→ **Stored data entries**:
[Start of Attachment]

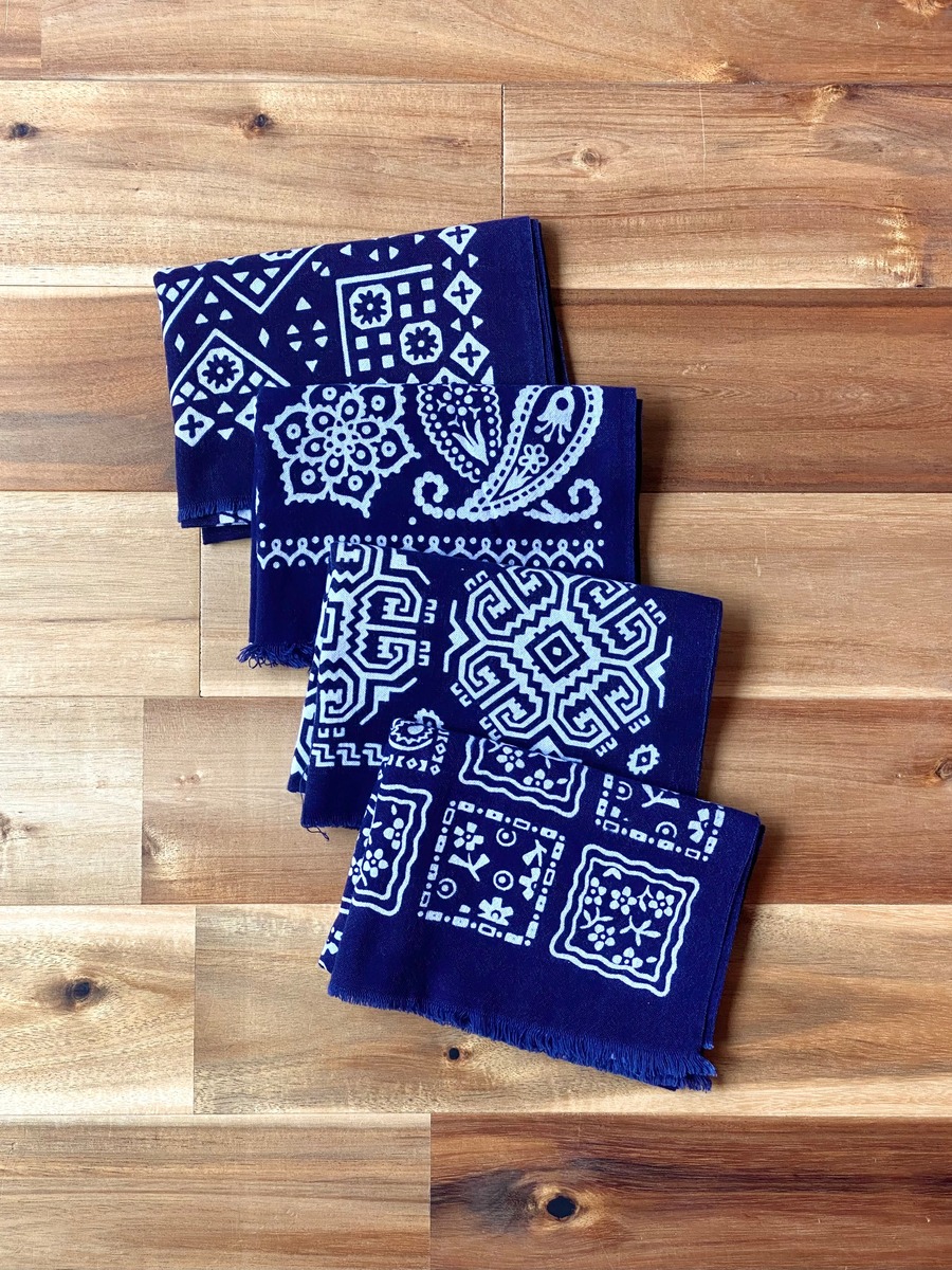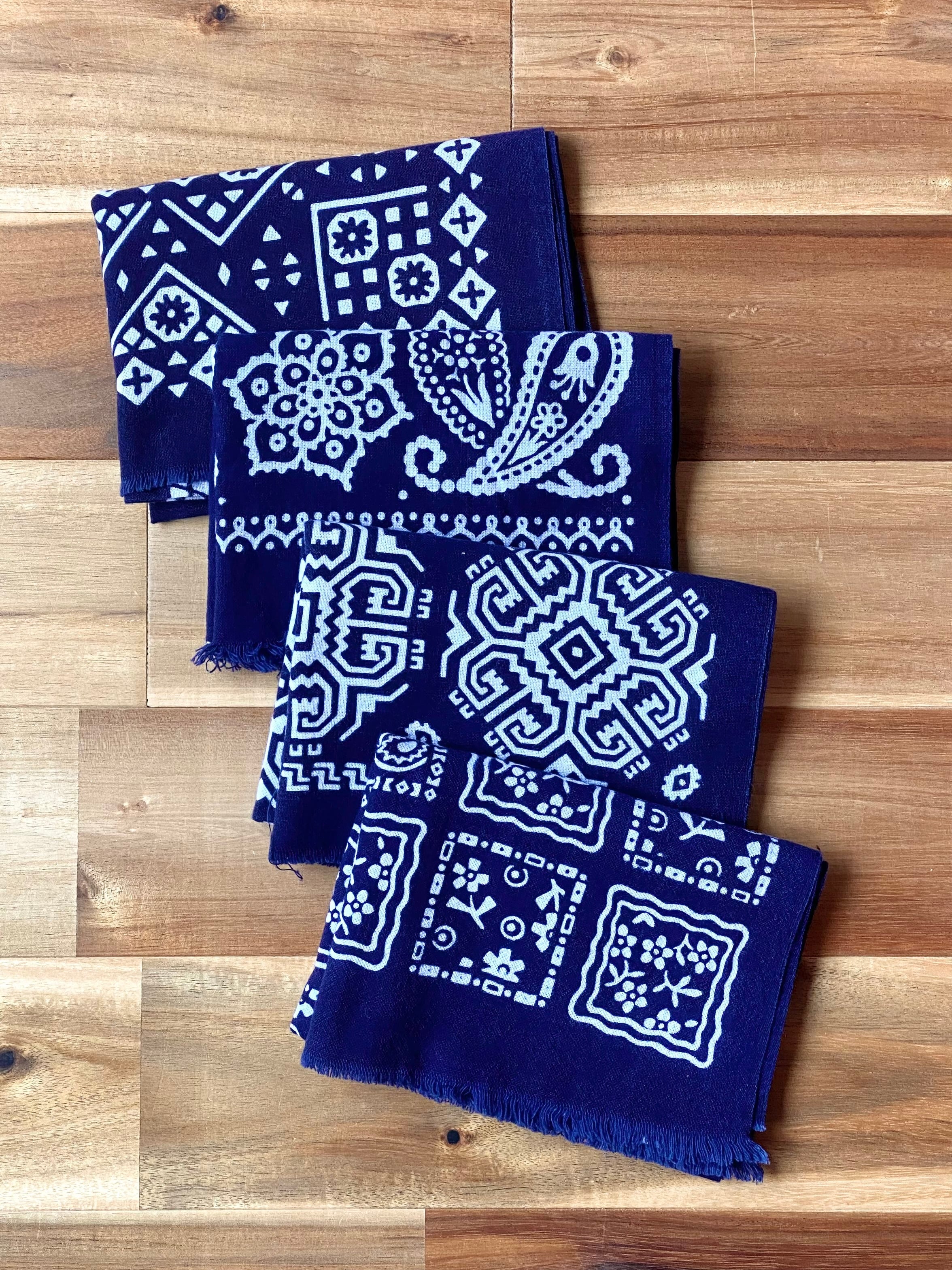 ヴィンテージバンダナを基とした図案だとひと目で分かるものを4枚組にしました。
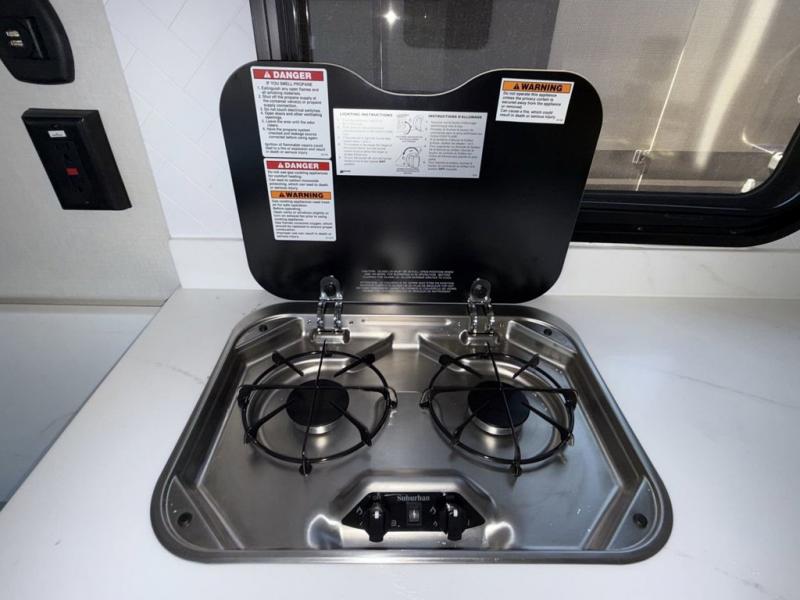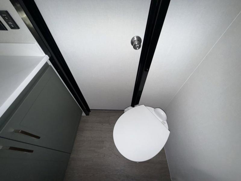 Time spent in this toy hauler will be time well spent! There is 14' 1" total garage space for your toys plus a cableless rear ramp door for easy unloading. You can whip up a meal on the LP two burner cooktop or in the convection microwave when you get back from trail riding, and the 10 cu. ft. 12V refrigerator will keep your food fresh. There is also a dinette table with four folding chairs where you can dine together. A full bath lets you clean up before bed, and you'll find a front private bedroom with a queen bed slide for more space and comfort, along with a front wardrobe for your clothes and shoes!
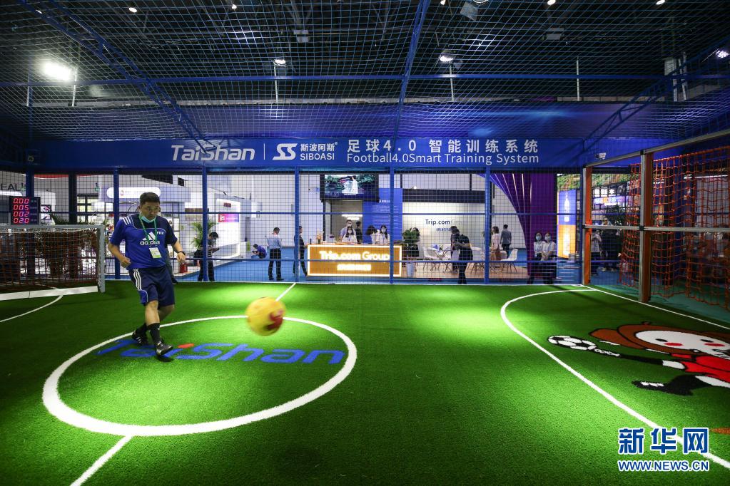 5月7日,參展商在消博會現場演示足球智能訓練系統(tǒng)。
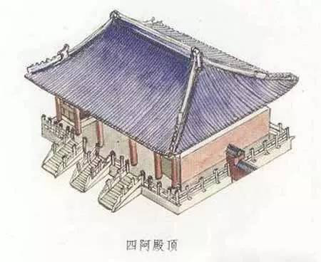 四阿殿頂也就是廡殿頂。四阿殿頂也是宋式叫法?!鞍ⅰ笔墙ㄖ蓓?shù)那?,“四阿”就是四面坡式的曲檐屋頂。廡殿頂共有五條脊、四面坡,所以叫做四阿殿頂。
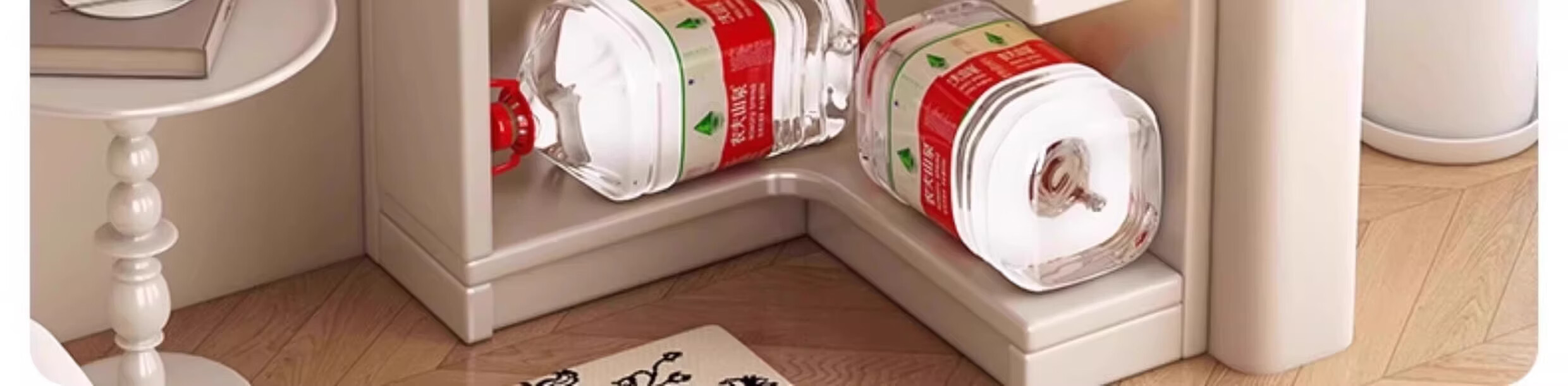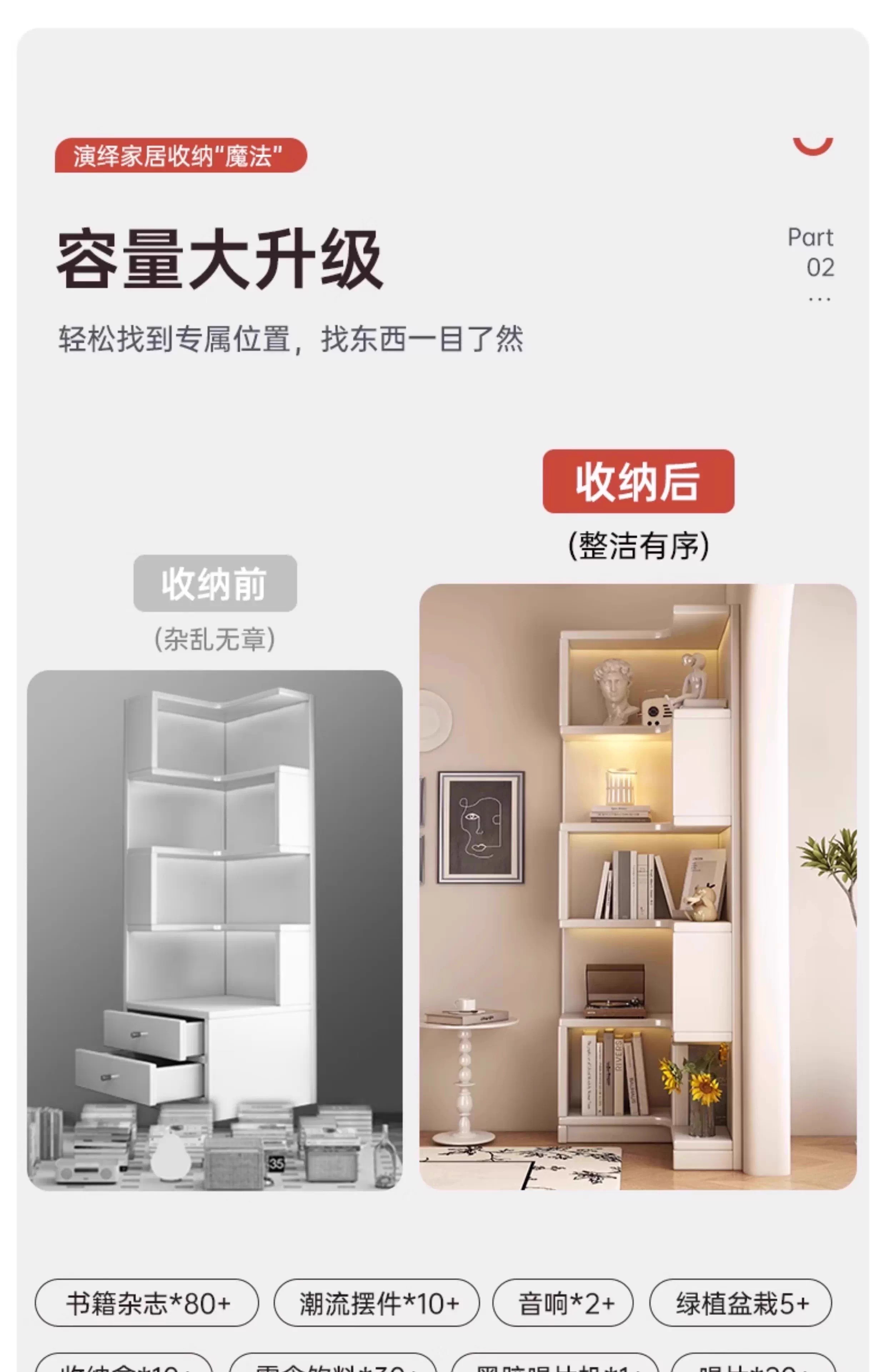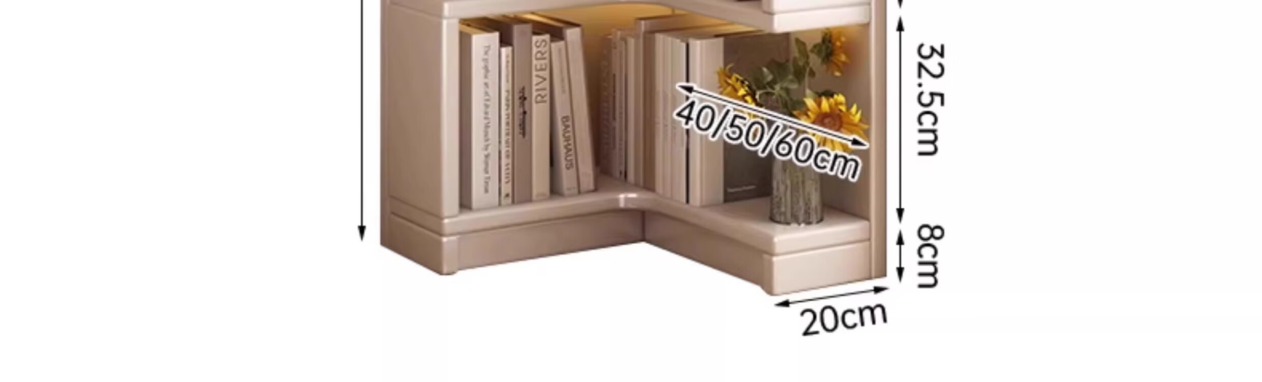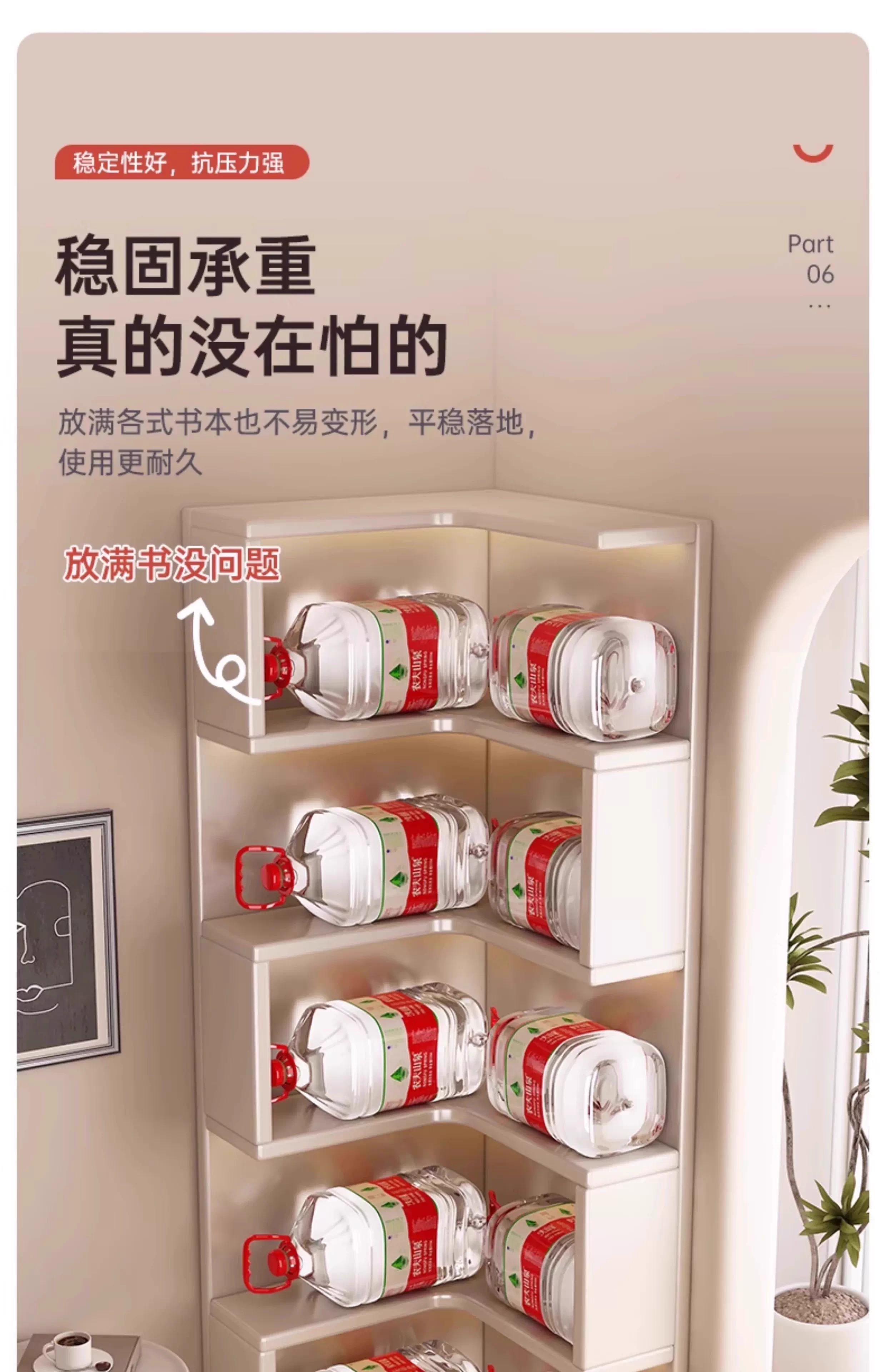 Solid wood corner cabinet corner storage rack home floor-standing children's corner bookcase living room 90-degree triangular storage cabinet solid wood core warm white 50CM double drawer

[End of Attachment]

→ **The task**: When you transcribe the entries above, begin at their first line, end with the line containing "四阿殿頂也就是廡殿頂。四阿殿", and copy each line exactly without any picture.

→ **Task answer**:
 ヴィンテージバンダナを基とした図案だとひと目で分かるものを4枚組にしました。
 Time spent in this toy hauler will be time well spent! There is 14' 1" total garage space for your toys plus a cableless rear ramp door for easy unloading. You can whip up a meal on the LP two burner cooktop or in the convection microwave when you get back from trail riding, and the 10 cu. ft. 12V refrigerator will keep your food fresh. There is also a dinette table with four folding chairs where you can dine together. A full bath lets you clean up before bed, and you'll find a front private bedroom with a queen bed slide for more space and comfort, along with a front wardrobe for your clothes and shoes!
 5月7日,參展商在消博會現場演示足球智能訓練系統(tǒng)。
 四阿殿頂也就是廡殿頂。四阿殿頂也是宋式叫法?!鞍ⅰ笔墙ㄖ蓓?shù)那?,“四阿”就是四面坡式的曲檐屋頂。廡殿頂共有五條脊、四面坡,所以叫做四阿殿頂。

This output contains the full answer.